A while ago, I did some tests regarding insertion speed when using GUID
as a primary key. Played with page buffers here a bit. Although there
were only one session connected etc, thus probably not really a real
world scenario. Anyway, the following is an email text in context of
this scenario to someone else.

- Prerequisites

* Firebird 2.5 SuperClassic 64-bit on Win7 Prof.
* Table with one primary key column CHAR(16) OCTETS
* Inserting 100.000 records within an EXECUTE BLOCK and using GEN_UUID()
* Data pages are pre-allocated, thus the database file won't grow during
the test
* In all tests, the fsql test session was the only one connected to the
database


- Result for SuperClassic

I tested with various page buffer values and came to the result, that a
higher page buffer value can improve execution time A LOT.

Page Buffers Execution time [s]
=======================================================
75 70.24
256 7.41
512 2.26
1024 1.86
2048 1.68
4096 1.75
10000 1.75
50000 2.19


As you can see, there is a huge step forward between a page buffers
value of 75 and 256. When a database is newly created (as in your case),
it pretty much uses the default one (e.g. 75 with SuperClassic). Thus,
my initial slowness as reported in the list was affected by this. With a
lower page cache one can also see, that CPU utilization is pretty low. I
guess it's pretty much busy reading from disk. CPU utilization increases
with a higher page cache like 256, 512.

At the same point, an even higher page cache won't make things better.
It's probably related to the number of records inserted. E.g. if I will
insert 1 million records, possibly even a higher page cache would help.

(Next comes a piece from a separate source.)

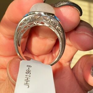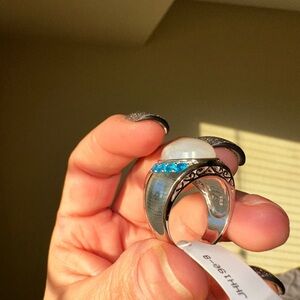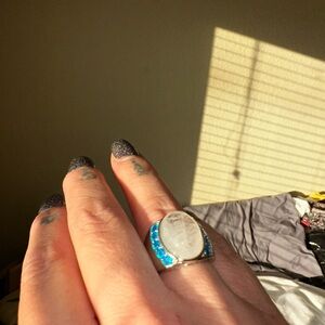Moonstone with lab blue topaz Silver and Blue Gemstone Ring size 8
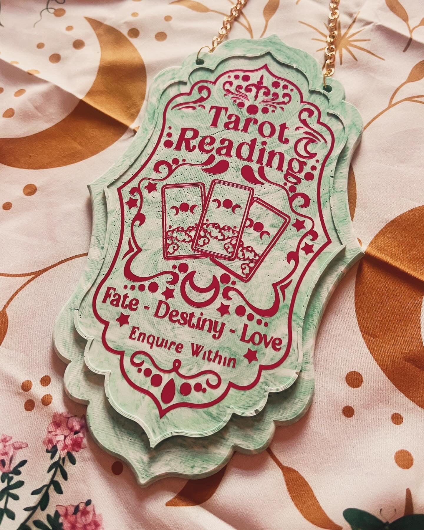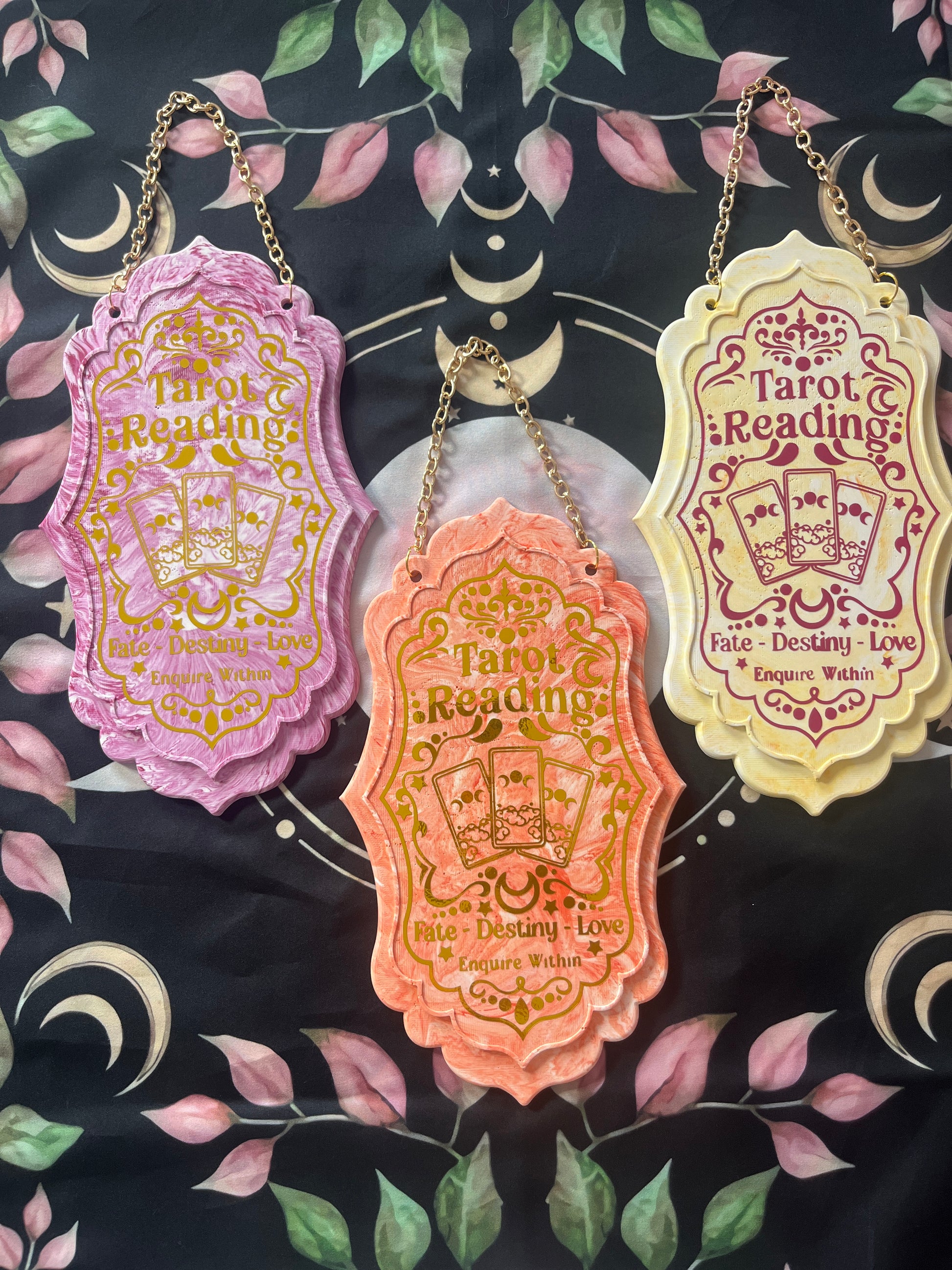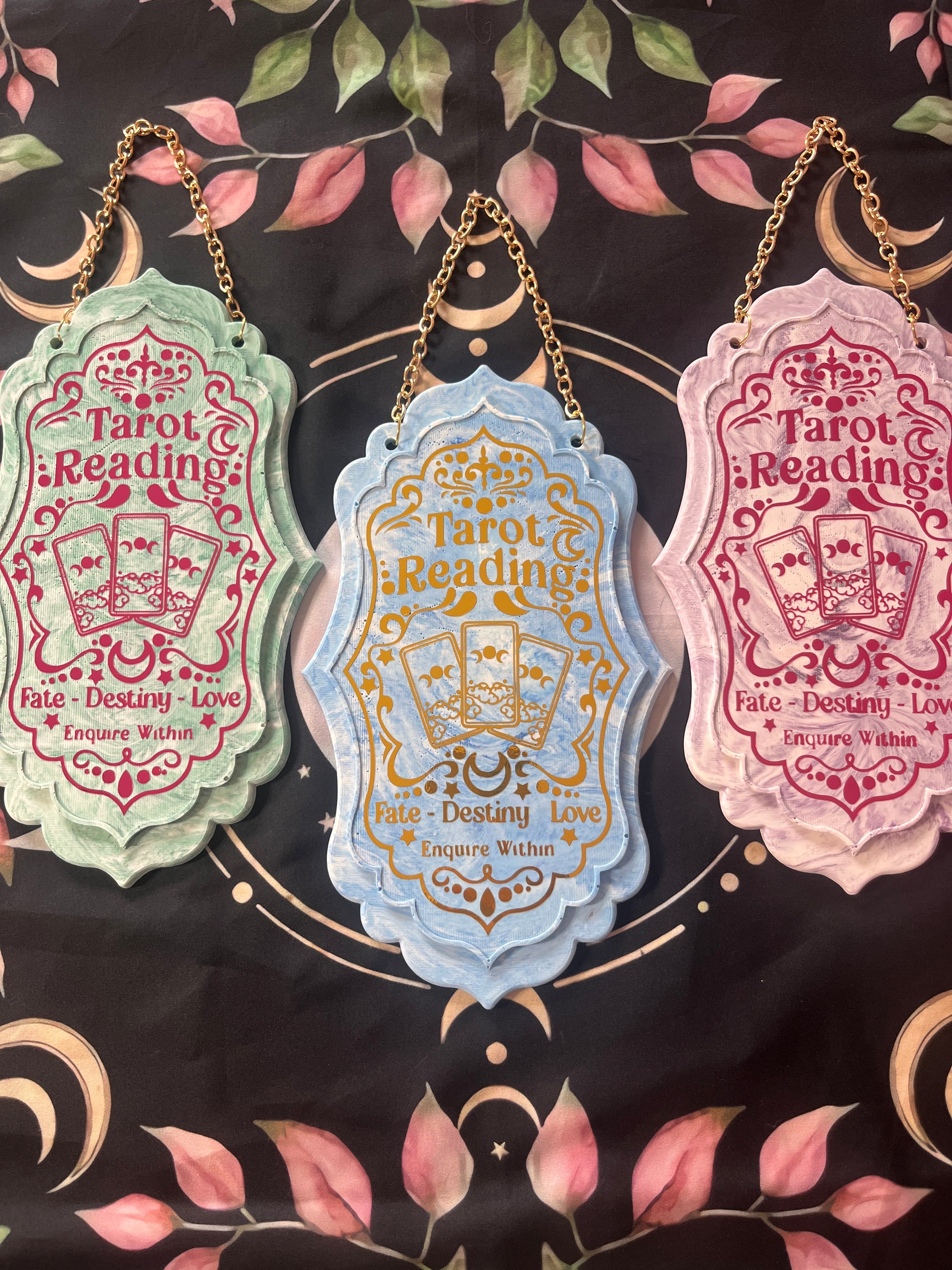 Master the art of divination with our Tarot Reader Design Wall Hanging. Made with a brass chain and adorned with a tarot reader sign, this unique piece will add a touch of mystique to your space. Embrace the themes of love, destiny, and fate, and elevate your home decor with this expertly crafted wall hanging.

That's for GUID values in a primary key column. I guess it's pretty much
the same scenario with random numeric values, although possibly a bit
faster.

So, for that kind of batch operations with random values stored in an
indexed column, I suspect a higher page cache could help. The idea might
be to temporarily increase the page cache for such operations. I KNOW,
there should be a way to temporarily increase the page cache for the
connection without making this setting permanent in the header page due
e.g. the CACHE option in the CONNECT statement with isql, but for
whatever reason, this doesn't work as expected across all architectures
(SS, CS, SC) in 2.5 (haven't tried in previous versions). AFAIR, there
should be a way to do that.

It's interesting that CS is about 10 seconds faster than SC with a page
cache of 75. I don't know if this is the general case or if other
processes (antivir etc.) influenced the result. Result in different
architectures are getting pretty close with an increased page cache.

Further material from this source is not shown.